# Very small white worms/larvae on bottom board



## Bodhited (Jul 2, 2013)

Hi - I am new to beekeeping and this forum. Three weeks ago I installed a five frame nuc into a 10 frame hive and so far things seem to be progressing well.

Today however I checked the bottom board after a 24 hour period and noticed very very small white worms crawling around. They were so small they were hard to see and the only reason I really noticed them was because they were moving. Had they have been dead I would probably have mistaken then for debris left by the bees. Any idea what these are and if they are a problem?

Any insight would be appreciated. Thank you!


----------



## snl (Nov 20, 2009)

My guess SHB ....... Potential big problem. But SHB larvae are not THAT tiny and are easily seen. Got any pics?


----------



## AR Beekeeper (Sep 25, 2008)

Probably wax moth larvae or Small Hive Beetle larvae if you are in an area where they have become established. When the larvae are larger and you can see the legs, the SHB larvae have 3 pair of legs behind the head.


----------



## AmericasBeekeeper (Jan 24, 2010)

SHB are tiny when they first emerge. When they are full size the hive is almost a gonner!


----------



## gmcharlie (May 9, 2009)

SHB larve start out about .01 long and grow... at aboout .100 long there ready to pupate in the ground..... You have a problem... SHB... gaurdstar, and beetle traps..... time to get busy.


----------



## Bodhited (Jul 2, 2013)

Oh no! That's unfortunate news....what are the steps to resolve this? I googled SHB and found this picture, it looks similar to what I saw except on the bottom board. 

Would itbe wise to freeze one of the original frames from the nuc, i have one that looks pretty old and has funky comb and the worms were on that side?
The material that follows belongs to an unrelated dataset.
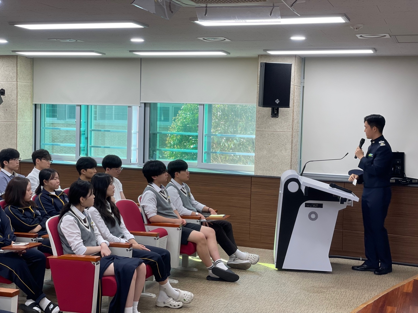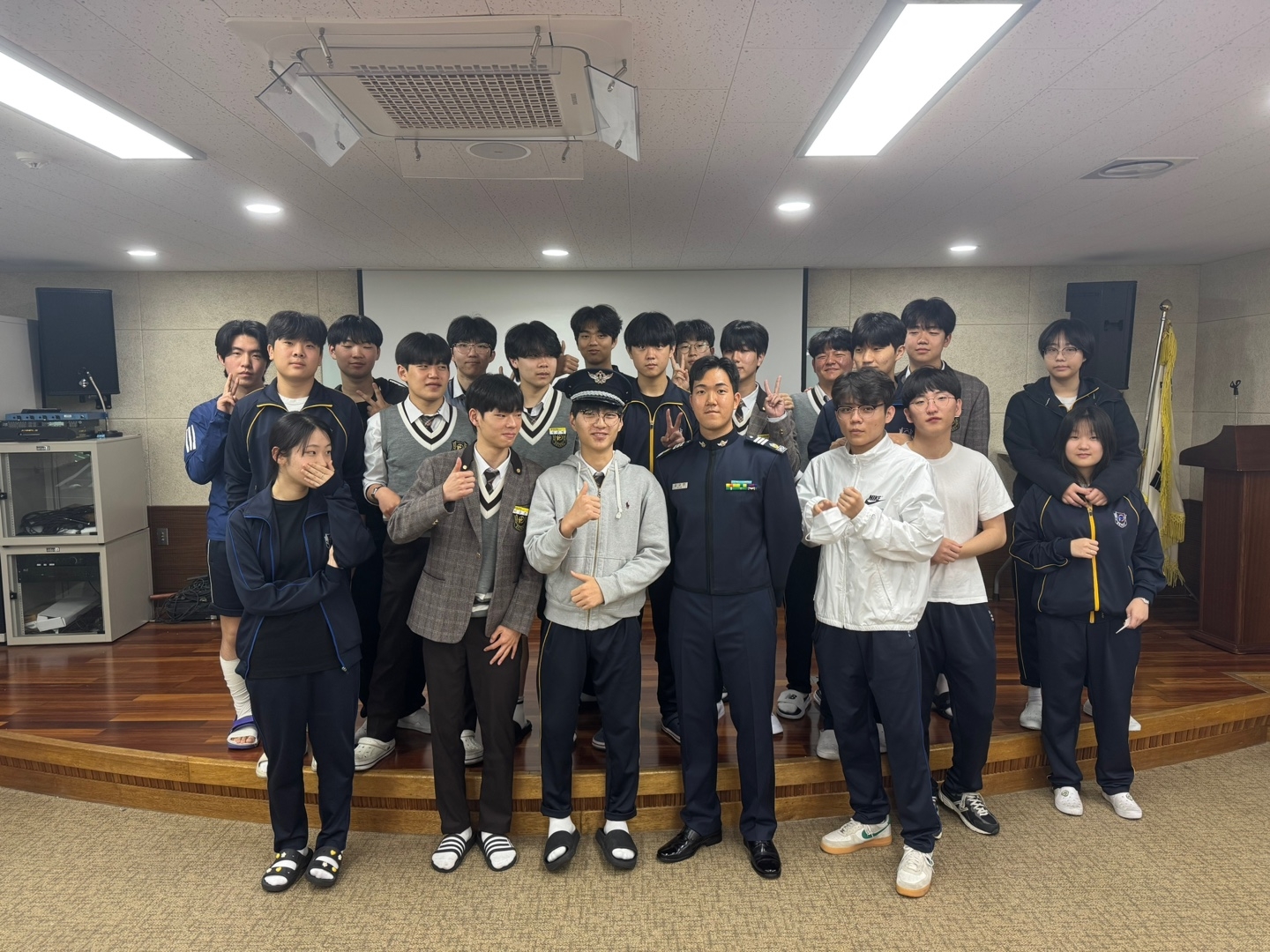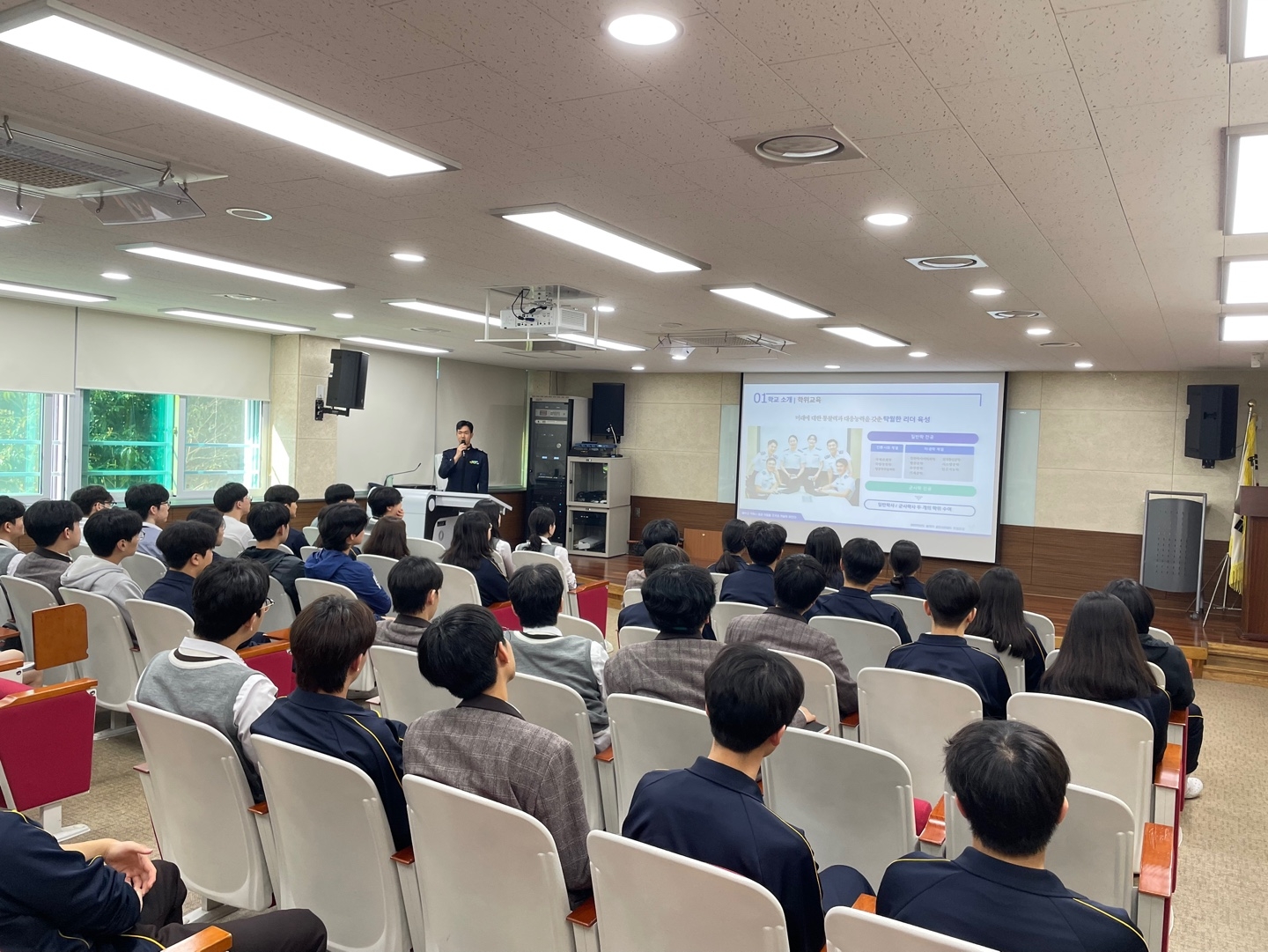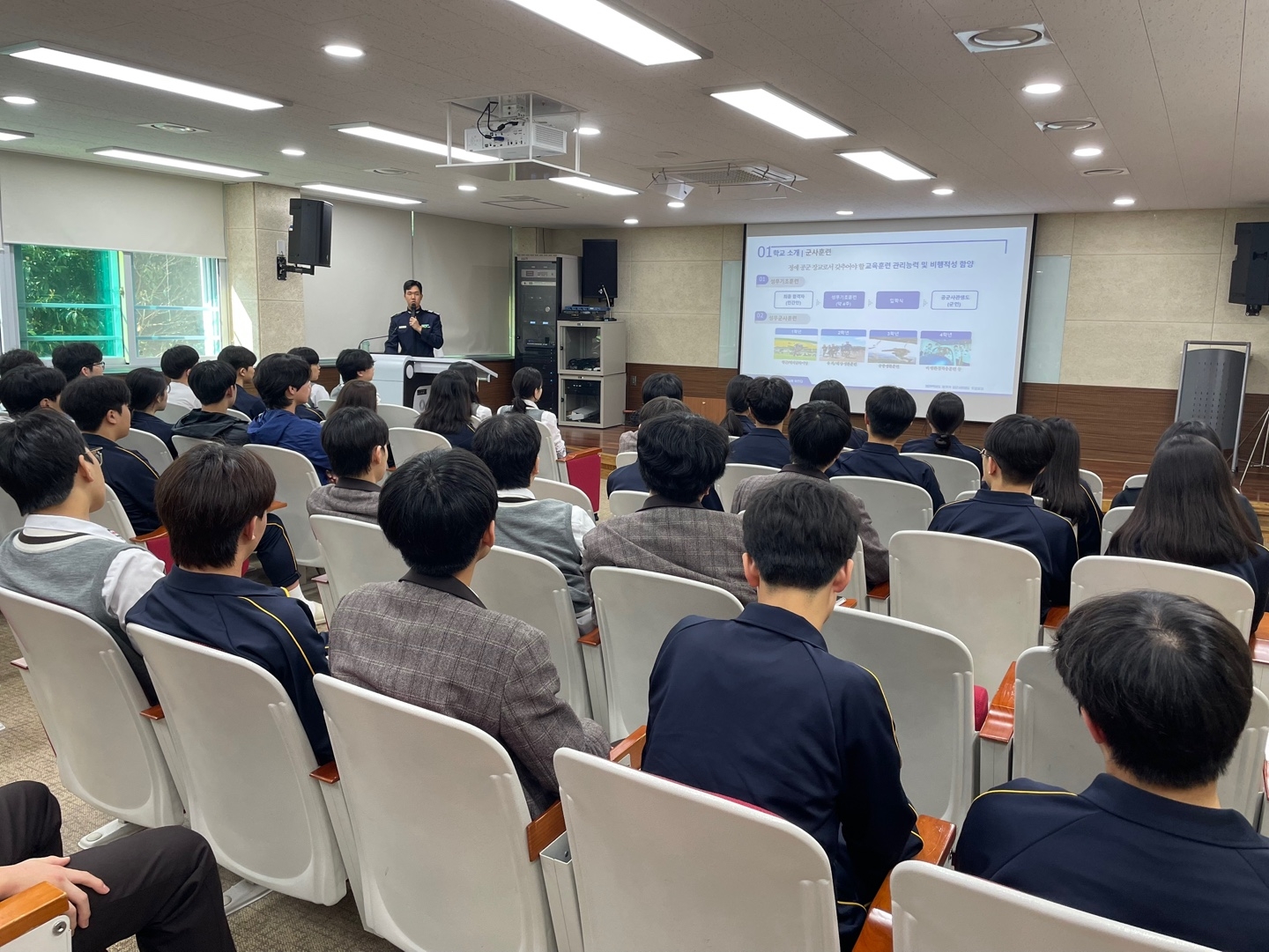 2023년 본교 졸업생이자 현재 공군사관학교에 재학 중인 김규민 생도가 본교를 방문하여, 사관학교 진학을 꿈꾸는 후배들을 대상으로 뜻깊은 멘토링 시간을 가졌다. 이날 김 생도는 자신의 입시 준비 과정과 사관학교 생활에 대해 솔직하게 들려주며, 진로 설계에 대한 실질적인 조언을 아끼지 않았다. 특히 1, 2학년 학생 60명을 대상으로 진행된 이번 멘토링은 생기부 작성, 내신 관리법 등 구체적인 학습 전략부터 동기부여에 이르기까지 다양한 내용을 다루며 학생들의 큰 관심을 끌었다. 참석한 학생들은 “선배의 현실적인 조언이 진로 선택에 큰 도움이 되었다”, “직접 경험한 이야기를 들을 수 있어 훨씬 와닿았다”고 입을 모았다. 한편 김규민 생도는 공군사관학교 외에도 KAIST와 고려대학교 건축사회환경공학부에 동시 합격하며 학업 능력과 진로 역량을 모두 인정받은 바 있다. 이번 멘토링은 후배들에게 실질적인 진로 정보를 제공함과 동시에, 본교의 자랑스러운 동문과의 뜻깊은 교류의 장이 되었다.
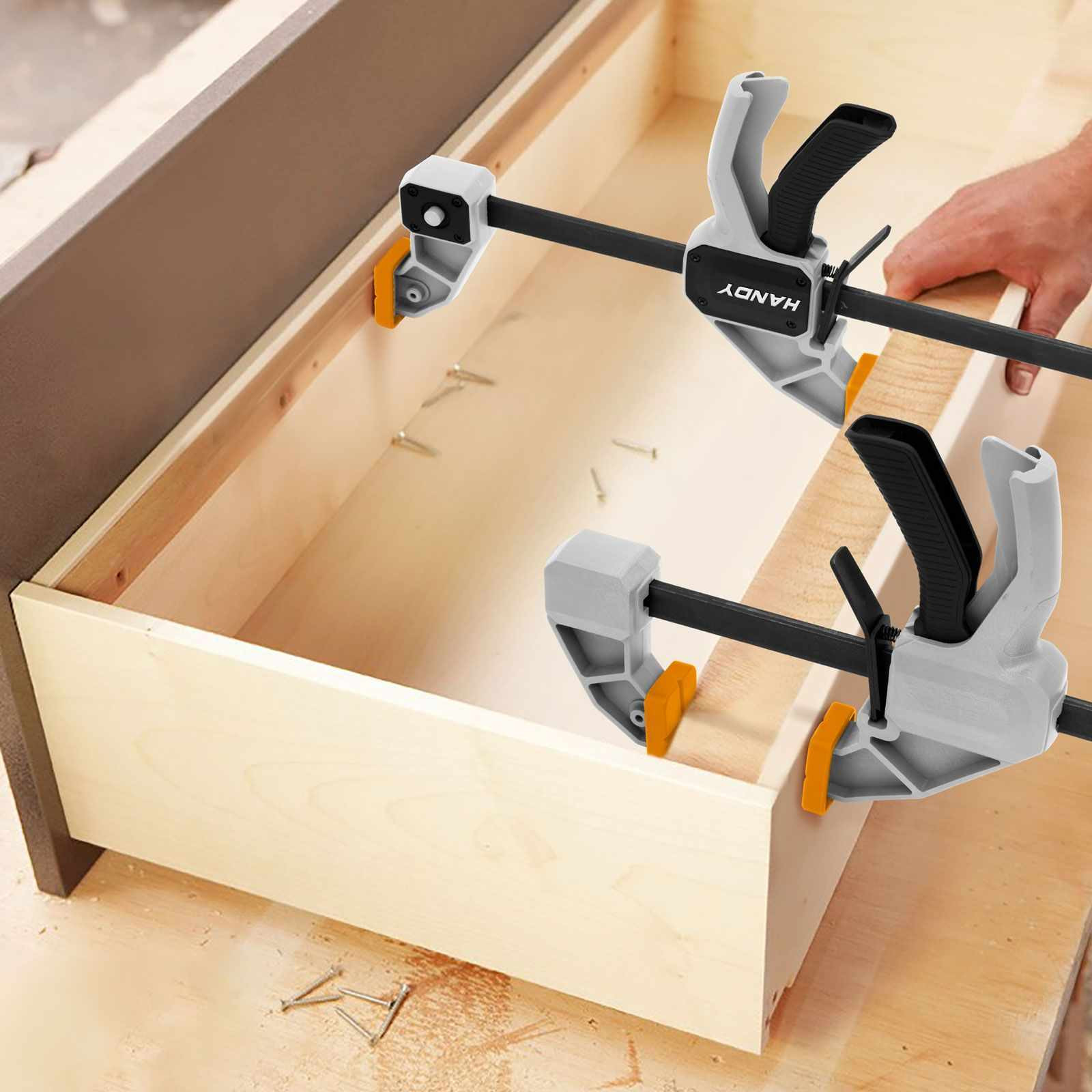 Könnyen használható, egykezes szorító eszköz. Nem hiányozhat egyetlen asztalos, kárpitos üzemből sem, de otthoni barkácsolás során is segítségünkre lehet. Extra szorítóerővel rendelkezik, amely lehetővé teszi a munkadarab stabil rögzítését. Az edzett acél váz nagy teherbírással rendelkezik, így a kar meghúzásával maximalizálhatjuk a szorító-, (vagy a pofák megfordítását követően) feszítőerőt.

Also I was In The hive 2 days ago and I didn't notice them on the comb, the hive seems to be strong....the population has increased a lot in fact I was planning on adding a second brood box this week. Do you think it's pointless to do so or is their soe way to help them out? I hate to use chemicals but if that's the only way I might not have a choice.


----------



## Ben Franklin (May 3, 2011)

If you have a screened bottom I would install it ASAP. 
Are your hives on the ground, if so get them up off it ASAP.


----------



## gmcharlie (May 9, 2009)

Yes you can freeZe to kill them off... reality is your hive is shrinking instead of growing. the area the bees used to cover and store food, is being overrun. so the bees have retreated to protect what they can. Look closer for other issues. 
The other thing that will help is if you can keep the larve from pupateing (reaching the ground alive) I would bet an inspection would show adult beetles.


----------



## Bodhited (Jul 2, 2013)

They are on cinder blocks near a river. The screen bottom board is on, I miss spoke calling it a bottom board.....what I meant by that was the sticky board.


----------



## Bodhited (Jul 2, 2013)

Just as an update... Today I went into the hive to add a new hive body because it was getting really crowded. Saw only 1 beetle in the hive, and 1 on the cinder block it was sitting on...didn't see any larvae inside either. Confusing?

I did however add 2 different kind of beetle traps with vinegar and oil to the top bars, and moved the hive to a cement surface. We'll see...


----------



## beemandan (Dec 5, 2005)

Bodhited said:


> moved the hive to a cement surface.


How far did you move it?


----------



## Bodhited (Jul 2, 2013)

beemandan said:


> How far did you move it?


Not far, about 10 feet. But I think at least a sunnier spot


----------



## DPBsbees (Apr 14, 2011)

Your location says Upstate NY. Where did you get that nuc? At least in my area, SHB are just a minor annoyance. I haven't even seen one this year after last years cold winter. Are you sure the small white worms weren't ant larva? If your area is as cold as I suspect, I doubt you have a huge SHB problem. I would just monitor the traps and see what you find. Keep the hive strong, and don't give it more area to protect than the bees can cover and you should be fine. If you give a pollen patty, just give a small piece at a time and check underneath it when you do your inspections. It's supposed to be candy to SHB, but I wouldn't let my bees go without in the north because of it.


----------



## Slow Modem (Oct 6, 2011)

Placing the hive in full sunlight and maintaining a strong hive are the two best defenses against SHB. There are various styles of traps available, too.

Good luck!


----------



## Bodhited (Jul 2, 2013)

DPBsbees said:


> Your location says Upstate NY. Where did you get that nuc? At least in my area, SHB are just a minor annoyance. I haven't even seen one this year after last years cold winter. Are you sure the small white worms weren't ant larva?


I got the nuc in the same area, about 20 minutes away. I believe it maybe have been a swarm he trapped. I'm pretty sure it's not an ant larvae....it had the three pairs of feet behind the head indicative to the shb.

I'm hoping you're right and that it's will just be a minor annoyance, like I said when i opened the hive I only found 2. (Checked corners and looked in the bottom) For now I'll monitor the traps and see what happens.

Thanks for your help everyone!


----------